#### What this task involves:
From the first line of the data down to and including the line with "Our Dollar receipt", copy everything exactly, leaving out pictures.

#### Record set:
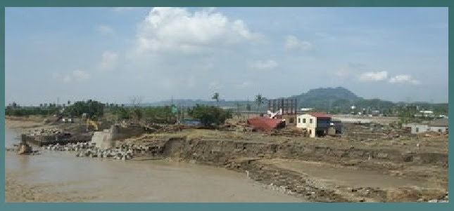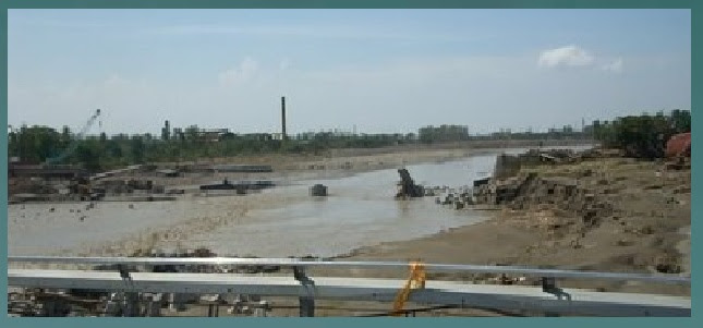9溪埔寮地區景象-36▲2009(98)年八八水災荖濃溪兇湧可怕介大水大浪:沖割良田滂pongˊ走兩三甲(改善前)(誤導大陸廣州市向美濃高美護專&吉東國小救災)(2009/8/9  09:00)。
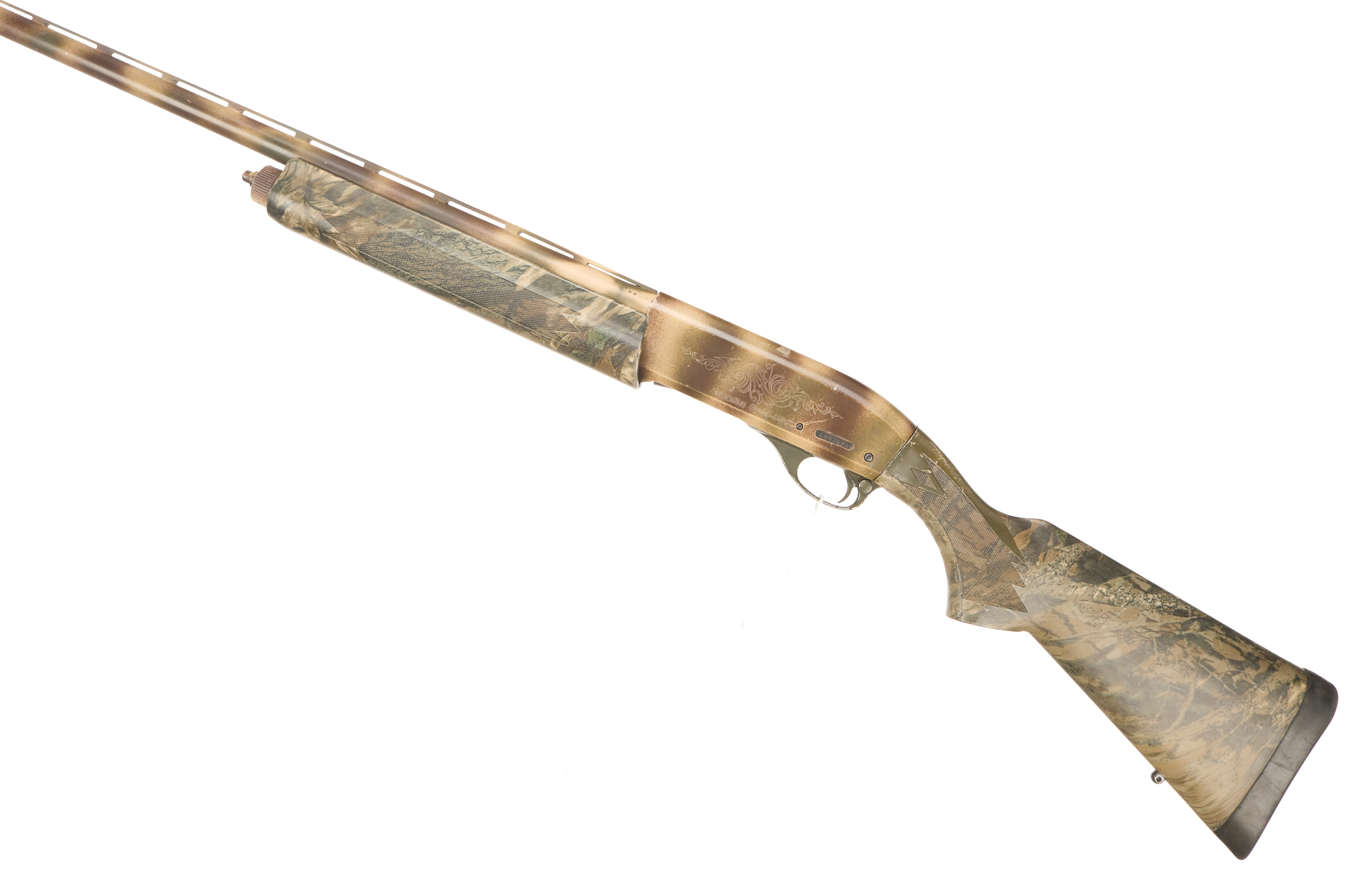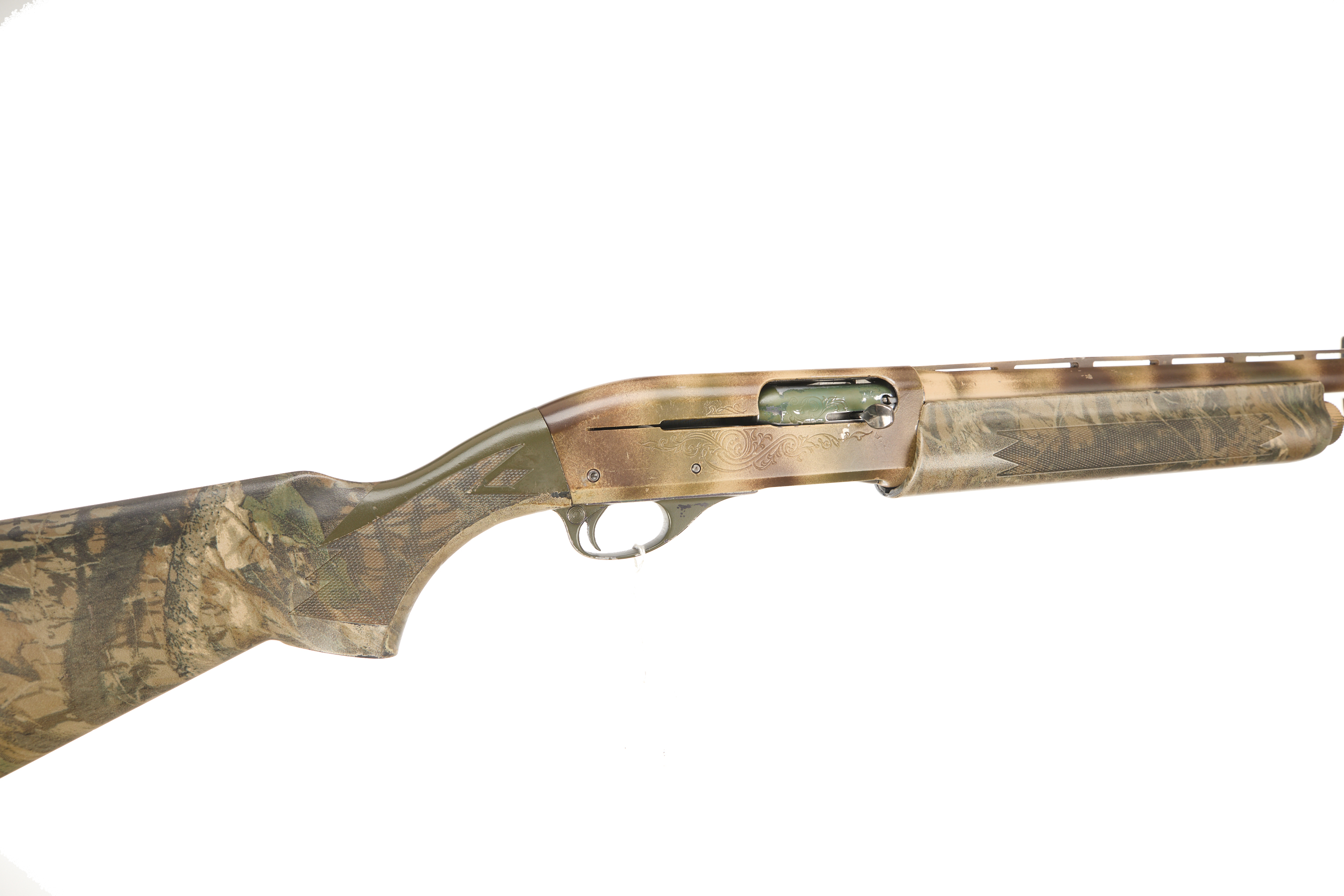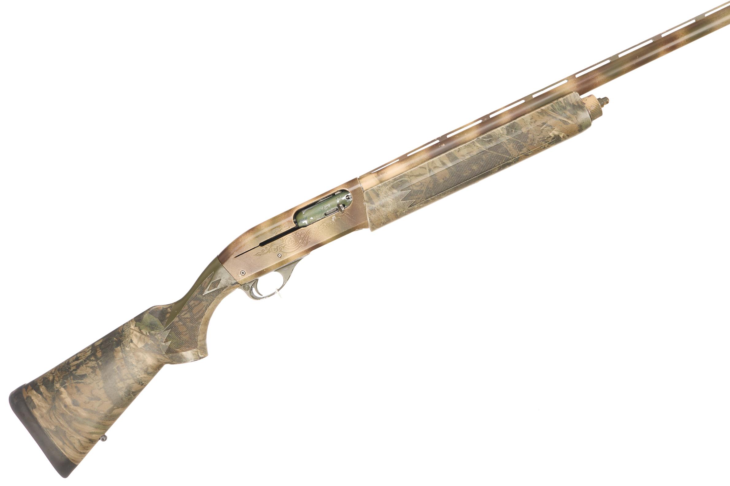 Cushioned rubber butt pad, chequered pistol grip stock and forend. Ventilated top rib, painted action.
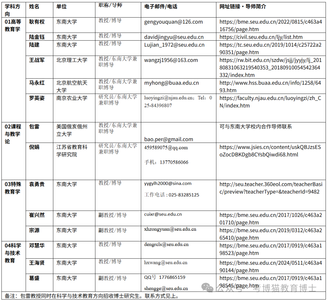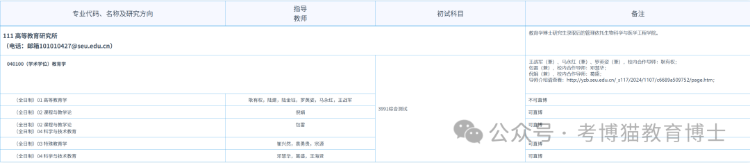 四、东南大学教育博士招生目录:
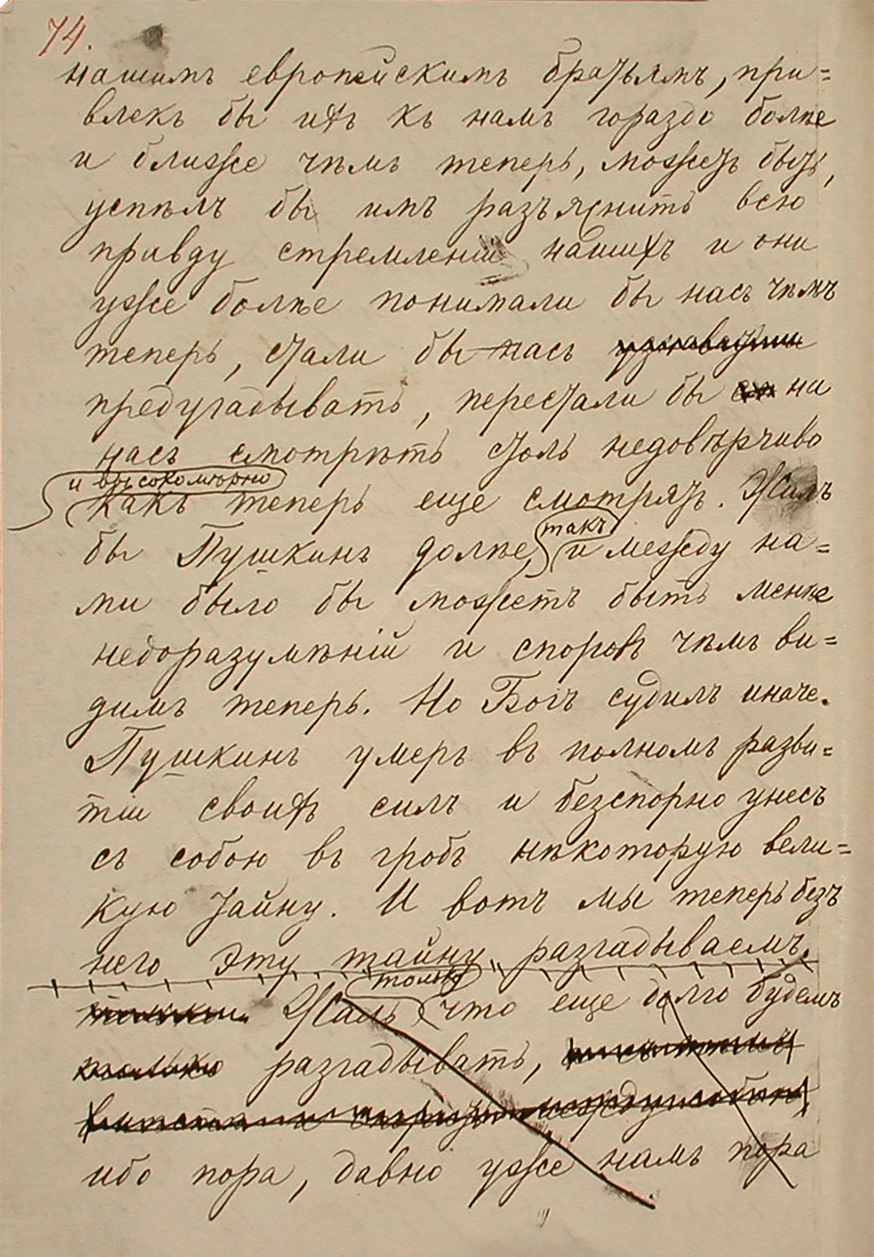 Ил. 2. Последняя страница Пушкинской речи Ф.М. Достоевского. Автограф. РГБ. Ф. 93. I. 2. 15. Л. 39 об.
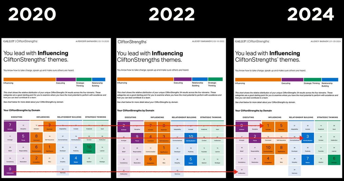Gallup рекомендует перепроходить тест не чаще, потому что он выявляет устойчивые врожденные паттерны мышления, поведения и мотивации.
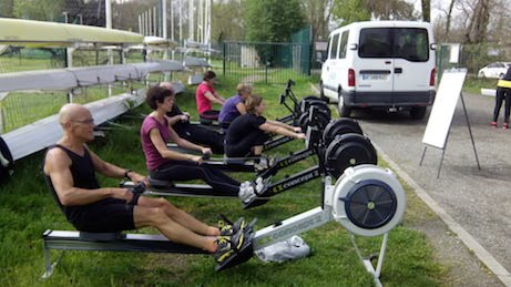 Les rameurs du club, et notamment les compétiteurs, ont à leur disposition un ensemble d'appareils de musculation (cage à squats, presse oblique, bancs à tirade...), ainsi que 6 ergomètres, que l'on peut même installer dans l'herbe devant le club, pour joindre l'utile à l'agréable par beau temps...
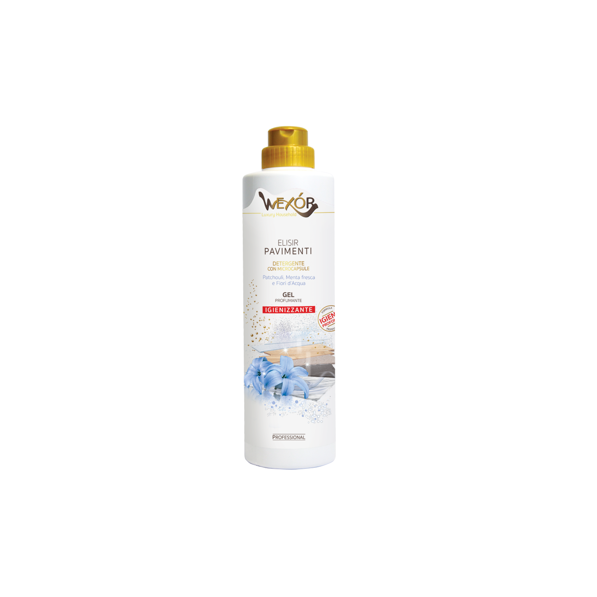 Elisir Pavimenti Fiori d’acqua Wexór è un detergente igienizzante per pavimenti, un vero e proprio trattamento di igiene e bellezza per tutti i tipi di pavimenti e superfici lavabili. La sua formula GEL concentrata garantisce un risultato perfetto già dal primo utilizzo. Le microcapsule contenute favoriscono un “lento rilascio” e consentono alla preziosa profumazione di persistere per molto tempo dopo il lavaggio. Riduce i tempi di pulizia e non richiede risciacquo.
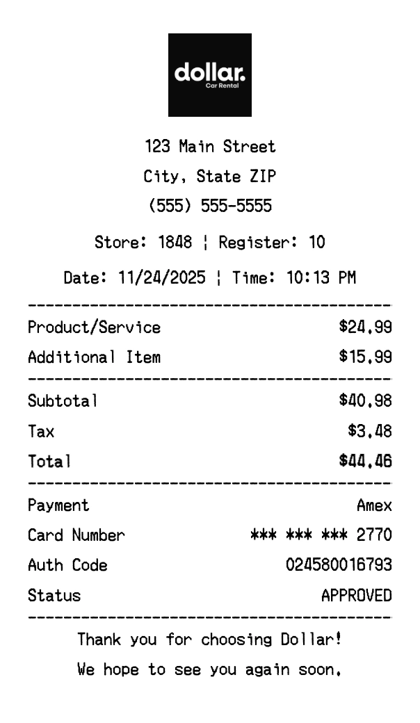 Our Dollar receipt generator creates professional receipts that match the authentic Dollar format. Each receipt includes the company logo, business information, transaction details, itemized purchase list, tax calculations, and payment information. All receipts are formatted to look exactly like real Dollar receipts, making them perfect for expense reports, tax documentation, and reimbursement purposes.
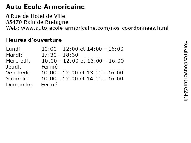 1 Ecole de conduite Armoricaine (Distance: 16,20 km) 48 Rue du Général Leclerc, 35580 Guichen armoricaine, auto, conduite, de, ecole, formations, groupe, école 2 Auto École ECF Armoricaine (Distance: 24,63 km) - Avenue de la Mairie, 35310 Chavagne 35, armoricaine, auto, cesr, ecf, école 4 Ecole de conduite Armoricaine (Distance: 28,24 km) 11 Place de la Mairie, 35310 Chavagne armoricaine, auto, conduite, de, ecole, formations, groupe, école 5 MMA Assurances BAIN DE BRETAGNE (Distance: 0,11 km) 8 Rue des Merhands, 35470 Bain-de-Bretagne assurance au tiers, assurance auto, assurance auto au tiers, assurance auto pas cher, assurance auto tous risques, assurance habitation, assurance habitation pas cher, assurance local, assurance multirisque, assurance professionnelle, assurance santé, assurance tous risques, assurance voiture, assurances, bain, bretagne, de, flotte, garantie décennale, mma, mutuelle, mutuelle sénior, rc pro, responsabilité civile 6 Auto-École Bainaise (Distance: 0,14 km) 3 Place République, 35470 Bain-de-Bretagne auto, auto école, bainaise, code, cours, formation, permis, école |

#### Response box:
9溪埔寮地區景象-36▲2009(98)年八八水災荖濃溪兇湧可怕介大水大浪:沖割良田滂pongˊ走兩三甲(改善前)(誤導大陸廣州市向美濃高美護專&吉東國小救災)(2009/8/9  09:00)。
 Cushioned rubber butt pad, chequered pistol grip stock and forend. Ventilated top rib, painted action.
 四、东南大学教育博士招生目录:
 Ил. 2. Последняя страница Пушкинской речи Ф.М. Достоевского. Автограф. РГБ. Ф. 93. I. 2. 15. Л. 39 об.
Gallup рекомендует перепроходить тест не чаще, потому что он выявляет устойчивые врожденные паттерны мышления, поведения и мотивации.
 Les rameurs du club, et notamment les compétiteurs, ont à leur disposition un ensemble d'appareils de musculation (cage à squats, presse oblique, bancs à tirade...), ainsi que 6 ergomètres, que l'on peut même installer dans l'herbe devant le club, pour joindre l'utile à l'agréable par beau temps...
 Elisir Pavimenti Fiori d’acqua Wexór è un detergente igienizzante per pavimenti, un vero e proprio trattamento di igiene e bellezza per tutti i tipi di pavimenti e superfici lavabili. La sua formula GEL concentrata garantisce un risultato perfetto già dal primo utilizzo. Le microcapsule contenute favoriscono un “lento rilascio” e consentono alla preziosa profumazione di persistere per molto tempo dopo il lavaggio. Riduce i tempi di pulizia e non richiede risciacquo.
 Our Dollar receipt generator creates professional receipts that match the authentic Dollar format. Each receipt includes the company logo, business information, transaction details, itemized purchase list, tax calculations, and payment information. All receipts are formatted to look exactly like real Dollar receipts, making them perfect for expense reports, tax documentation, and reimbursement purposes.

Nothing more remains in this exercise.